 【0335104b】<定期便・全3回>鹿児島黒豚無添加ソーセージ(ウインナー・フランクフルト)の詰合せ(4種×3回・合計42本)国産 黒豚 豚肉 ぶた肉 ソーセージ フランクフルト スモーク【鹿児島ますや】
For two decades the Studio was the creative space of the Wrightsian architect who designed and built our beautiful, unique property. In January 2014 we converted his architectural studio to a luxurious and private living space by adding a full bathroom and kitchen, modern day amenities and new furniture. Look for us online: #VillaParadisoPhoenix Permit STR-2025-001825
==
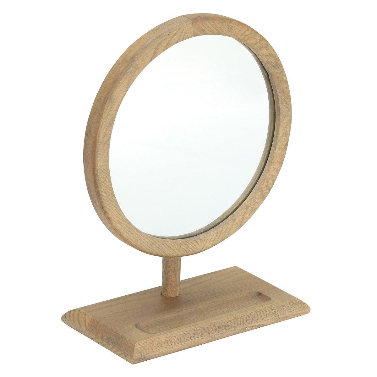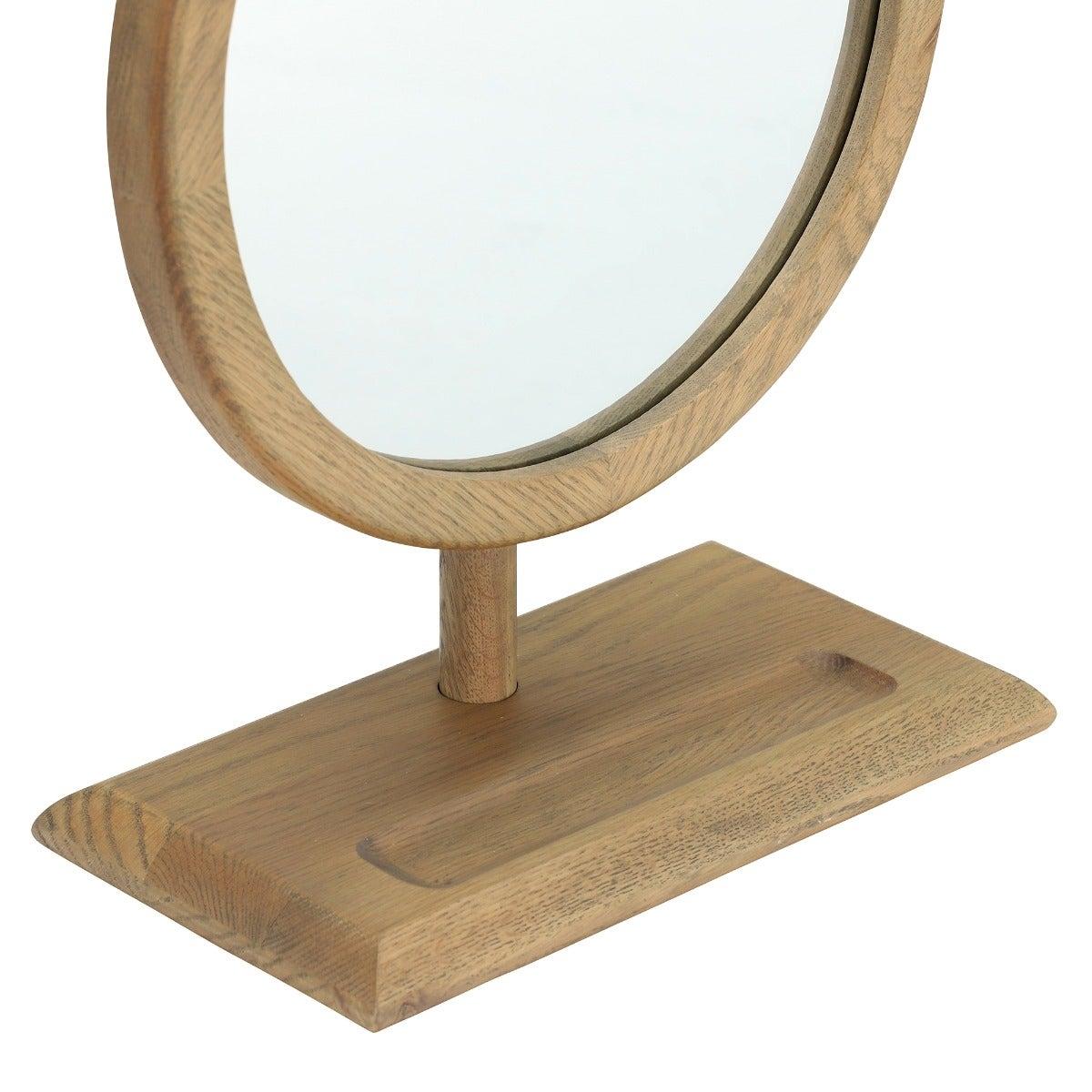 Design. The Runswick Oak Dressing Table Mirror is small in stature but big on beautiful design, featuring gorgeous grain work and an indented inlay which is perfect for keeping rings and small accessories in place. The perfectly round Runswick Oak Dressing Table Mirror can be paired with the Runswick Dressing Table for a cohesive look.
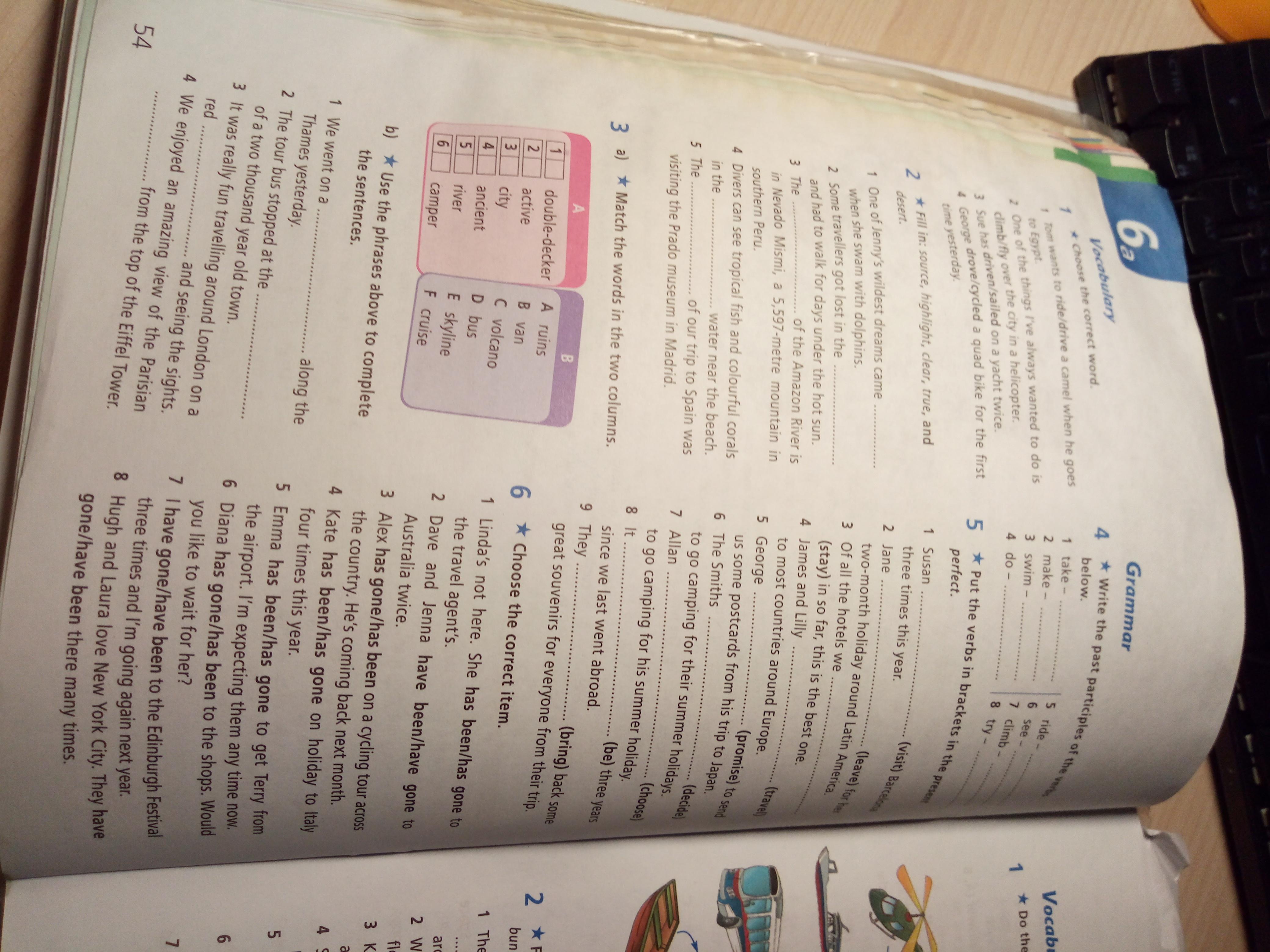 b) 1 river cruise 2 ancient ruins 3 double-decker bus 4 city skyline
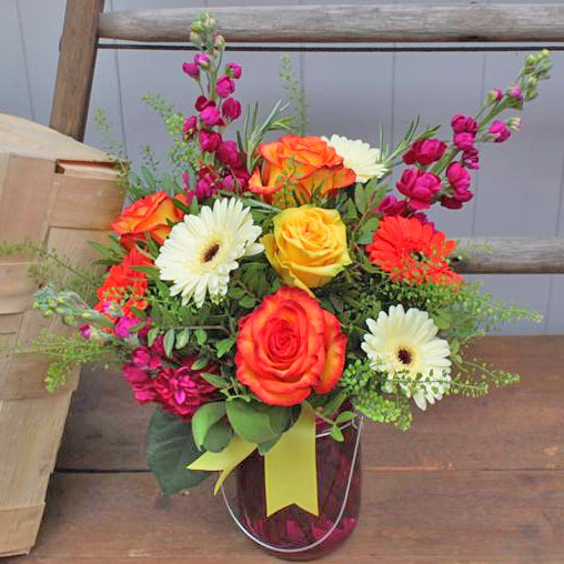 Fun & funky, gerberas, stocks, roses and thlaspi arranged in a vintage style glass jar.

→ Aim of the exercise:
The reply should hold exactly the lines above, starting at the line with "b) 1 river cruise" and ending at the line with "Fun & funky, gerberas, stocks, roses", and no pictures.

→ Exercise output:
 b) 1 river cruise 2 ancient ruins 3 double-decker bus 4 city skyline
 Fun & funky, gerberas, stocks, roses and thlaspi arranged in a vintage style glass jar.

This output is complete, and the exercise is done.